The accused man sought to suppress evidence the government obtained from his Instagram account as a result of those searches, asserting three possible bases for suppression: (1) the officers lacked probable cause, (2) the warrant was illegally broad, and (3) the government did not abide by the promises it made.
The defendant’s probable cause argument failed. That failure illustrates the need, in some circumstances, to prove not just that the government lacked probable cause but that probable cause was blatantly absent.
That’s because of something called the “good faith” exception. That exception, originating with a 1984 U.S. Supreme Court case (U.S. v. Leon,) says that proof “obtained in objectively reasonable reliance on a subsequently invalidated search warrant” isn’t subject to suppression unless there’s an obvious lack of probable cause.
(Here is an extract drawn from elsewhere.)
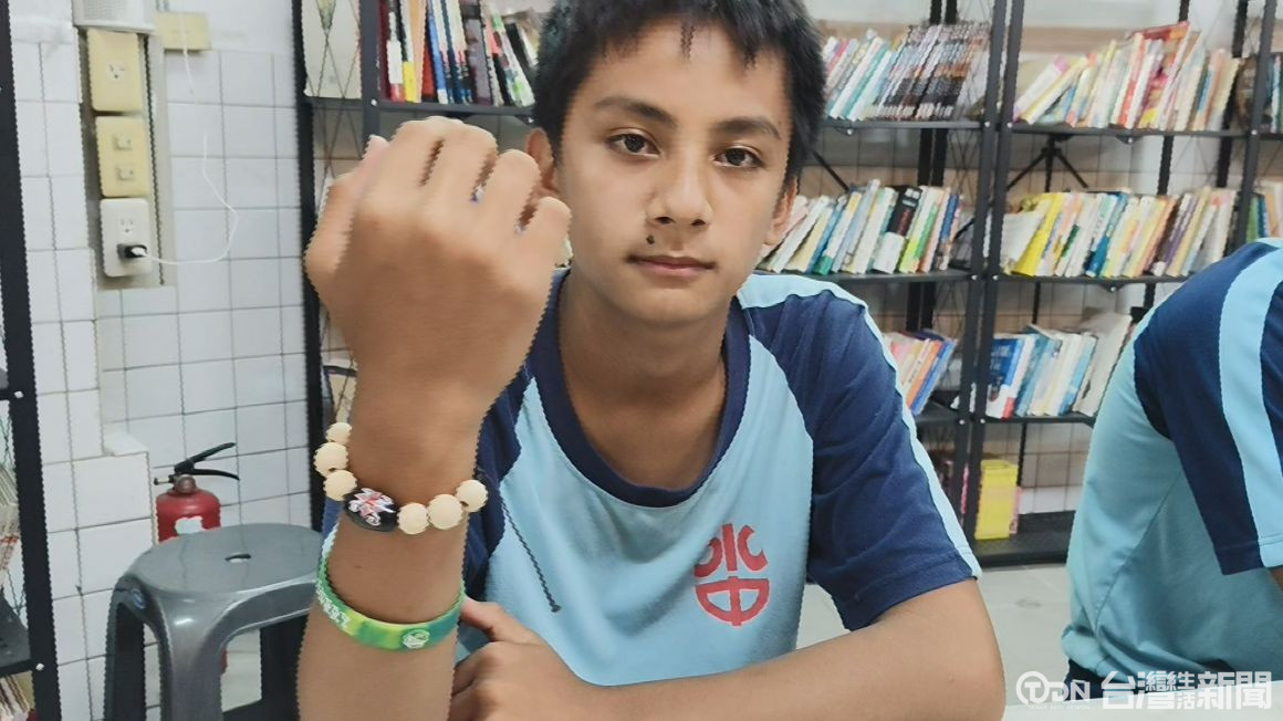 ▲美麗的琉璃珠與純樸的木珠,成為手腕中美麗的裝飾品//記者金芸亘攝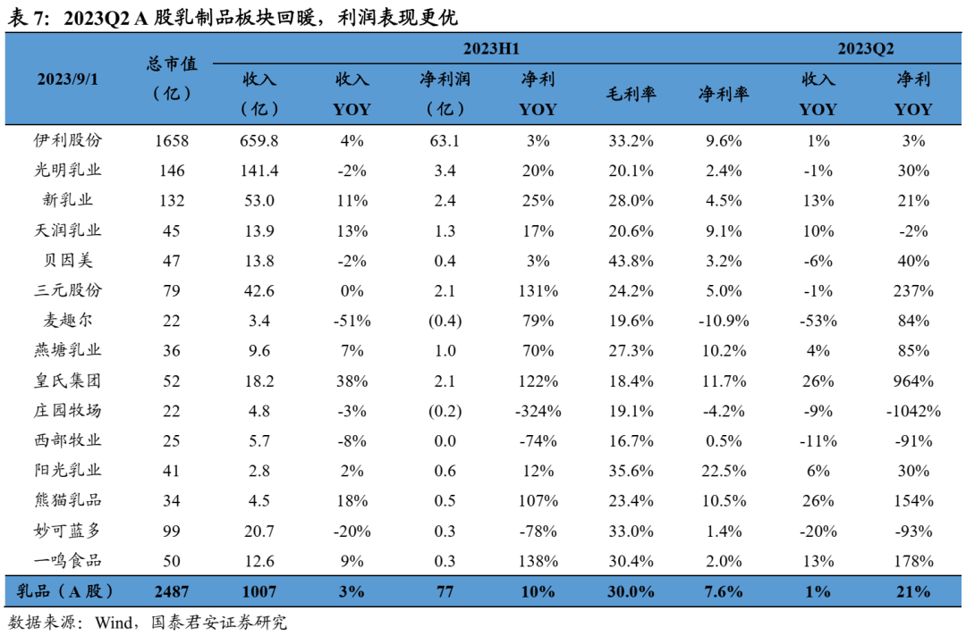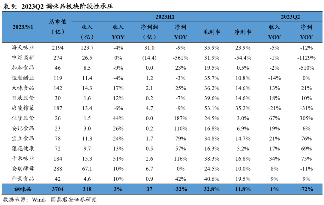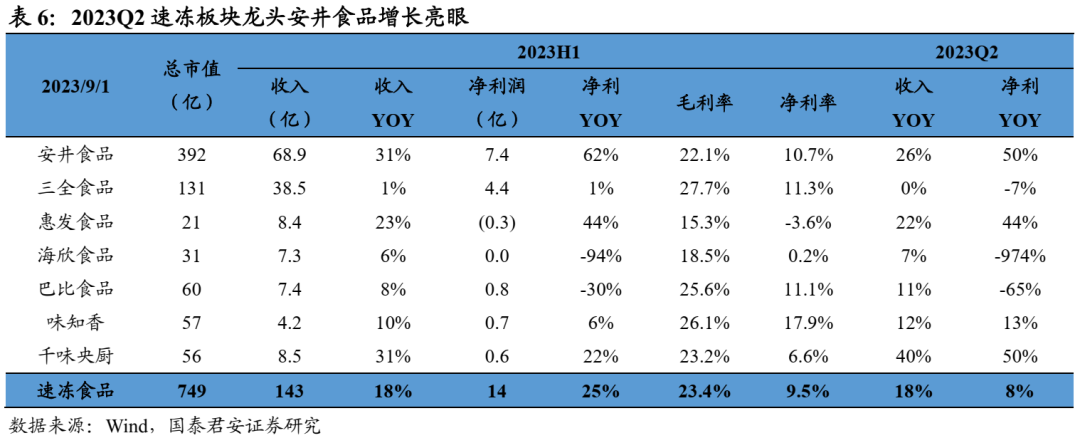 大众品:1)啤酒:结构升级加速,成本压力持续下行。23Q2 A股啤酒收入+8%、归母净利+17%、扣非净利+19%,青啤/燕啤/重啤/珠啤总销量+3.3%,吨价3991元、同比+5.2%,结构持续升级。2)速冻:收入稳增利润降速,龙头势强。23Q2速冻板块收入+18%、增速平稳,利润+8%、龙头安井食品/千味央厨强势领衔。3)乳制品:需求放缓,盈利改善。23Q2 A股乳品板块收入+1%、净利润+21%,需求复苏放缓影响终端动销,原奶价格回落减轻成本压力。4)调味品:消费力疲软下阶段性承压,复调持续亮眼。22Q2板块收入+1%、净利润-7.4%,盈利能力恶化主因结构降级以及成本改善幅度低于预期。5)卤味:集中度加速提升,成本压力逐渐减弱。23Q2 A股卤味板块收入+9.2%、利润+181.7%,行业集中化推动龙头业绩改善。

As the Supreme Court explained, if the warrant is the result of “an affidavit [completely] lacking in indicia of probable cause” or so utterly “facially deficient” as to make the government’s reliance on it unreasonable, then the exception doesn’t apply; otherwise, it does.
In T.R.’s case, the court agreed that the government had a probable cause problem, but ultimately ruled that the deficiency was not so extreme as to defeat the good faith exception.
Unreasonableness: How a Valid Search Can Become Invalid
Nevertheless, the accused man achieved success with his motion. He argued, and the court ruled, that the government overstepped the bounds of the warrant.
“The ultimate touchstone of the Fourth Amendment is reasonableness,” the court instructed, quoting a 2006 Supreme Court ruling. In this instance, the government engaged in unreasonable delay in reviewing the Instagram information. Because the government’s inaction was not reasonable, the evidence ultimately obtained was not admissible.
As technology evolves, so will the law… and that includes search-and-seizure law. Part of presenting the best possible defense is having a legal advocate who is fully up-to-date on all the latest developments in the law. If you or a loved one are suspected (or accused) of a crime, get in touch with the knowledgeable Maryland criminal defense attorneys at Anthony A. Fatemi, LLC, who are fully versed on all the relevant law, including the latest developments, and who have the experience to know how to put that law to work for your benefit. Contact us today at 301-519-2801 or via our online form to set up your consultation.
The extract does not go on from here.